Pneumonia is considered one of the leading infectious causes of pediatric morbidity and mortality. In 2010, 120 million cases of pneumonia were reported in children younger than 5 years, with 14 million of them proceeding to severe episodes. In 2011, a study estimated that 1.3 million cases of pneumonia deceased and 81% of deaths occurred in the first 2 years of life [8].
Investigating the association of serum leptin and pulmonary diseases in adults attracted a great interest in the past few years. A meta-analysis included ten articles that concluded a positive association between leptin and tumor necrosis factor (TNF-α) levels in COPD exacerbations in adults [9]. Moreover, other studies reported that asthma severity positively correlated with serum leptin [10, 11]. It was suggested that leptin presence is essential for an effective immune response against variable bacterial pulmonary infections [12]. Recently, research proved that leptin has a critical role in the immune system, and its deficiency results in increased severity of pulmonary infections [13]. Therefore, the present study evaluated serum leptin in CAP children.
We found that serum leptin was more elevated in severe cases of pneumonia than moderate cases. However, ROC curve analysis revealed that serum leptin fairly discriminated between moderate and severe pneumonia (AUC = 0.646).
Interestingly, in our study serum leptin showed good discriminatory ability between CAP cases admitted in PICU and those admitted in the general ward. This finding offers a good tool in the emergency department to aid in making a sound objective decision for the appropriate admission location of the patients. Up to the best of the authors’ knowledge, no previous research has studied this point.
In our study, we found a significant association between high serum leptin in the studied patients and sputum cultures growing more than one organism. This was in agreement with Mancuso et al. who reported increased leptin levels in serum, BAL fluid, and whole lung homogenates in response to intra-tracheal challenge with Klebsiella pneumonia in experimental murine models [14] Likewise, another study demonstrated upregulation of pulmonary leptin levels in both humans and mice following bacterial- and viral-induced pneumonia [15].
On the other hand, Al Biltagi et al. found that low serum leptin level was associated with pneumonia in malnourished children [16]. This may be attributed to lower serum leptin in malnourished children than in healthy controls [17, 18]. Hence, malnourished patients were excluded from our study.
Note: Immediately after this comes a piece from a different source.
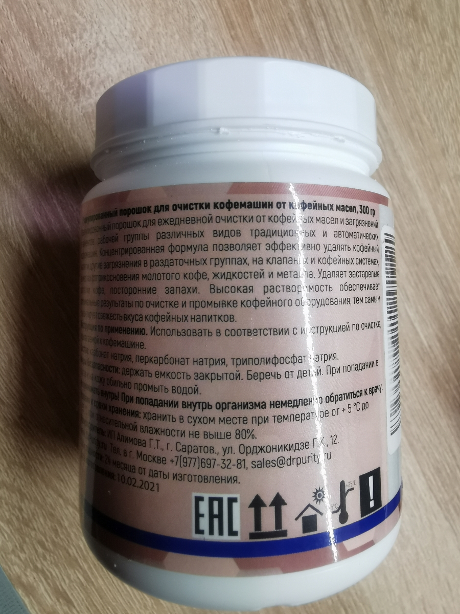 Чистящее средство от кофейных масел для кофемашины и холдера DrPurity Coffee Washer, порошок, 300 г.

Another study by Diez et al. reported the lack of significant differences in leptin levels between adult patients hospitalized for community-acquired pneumonia and healthy controls, after adjusting for BMI [19].
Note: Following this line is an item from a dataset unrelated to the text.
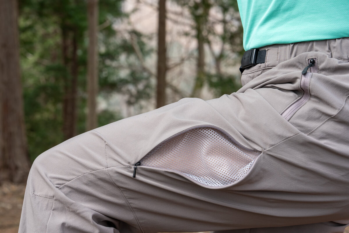 ここまででも十分素材によって高い通気・速乾性を実現しているところで、さらにこのパンツにはファイントラック独自のベンチレーションシステム「リンクベント」が、特に夏仕様にチューニングされて搭載されているため、蒸れの解消をさらに加速してくれます。夏仕様のリンクベントはメッシュの孔がいつもより大きめに作られているため、換気性能も従来に比べて抜群に高いです。正直ロングパンツにもかかわらず短パンと変わらないほどの抜けの良さが感じられました。

We did not find an association between high serum leptin level and mortality from CAP. This finding is in line with comparable studies which concluded that leptin lacks prognostic value for pneumonia lethality [19] and overall all-cause mortality rates in adult males [20].
We found a significantly elevated CRP level in patients with a high serum leptin level. Moreover, the correlation between serum leptin and CRP levels in the studied patients was positive, significant, and strong. Similarly, Somech et al. reported that leptin levels significantly correlated with CRP levels during acute infections in children [21]. Likewise, a research on chronic COPD in adults studied the complex relationship between adipokine metabolism and mild systemic inflammation in chronic COPD and reported the presence of significant correlation between circulating leptin and CRP levels [22].
The present study was subject to few limitations, including the limited number of patients and the non-inclusion of mild cases of CAP as these cases were sent on home treatment from the emergency department.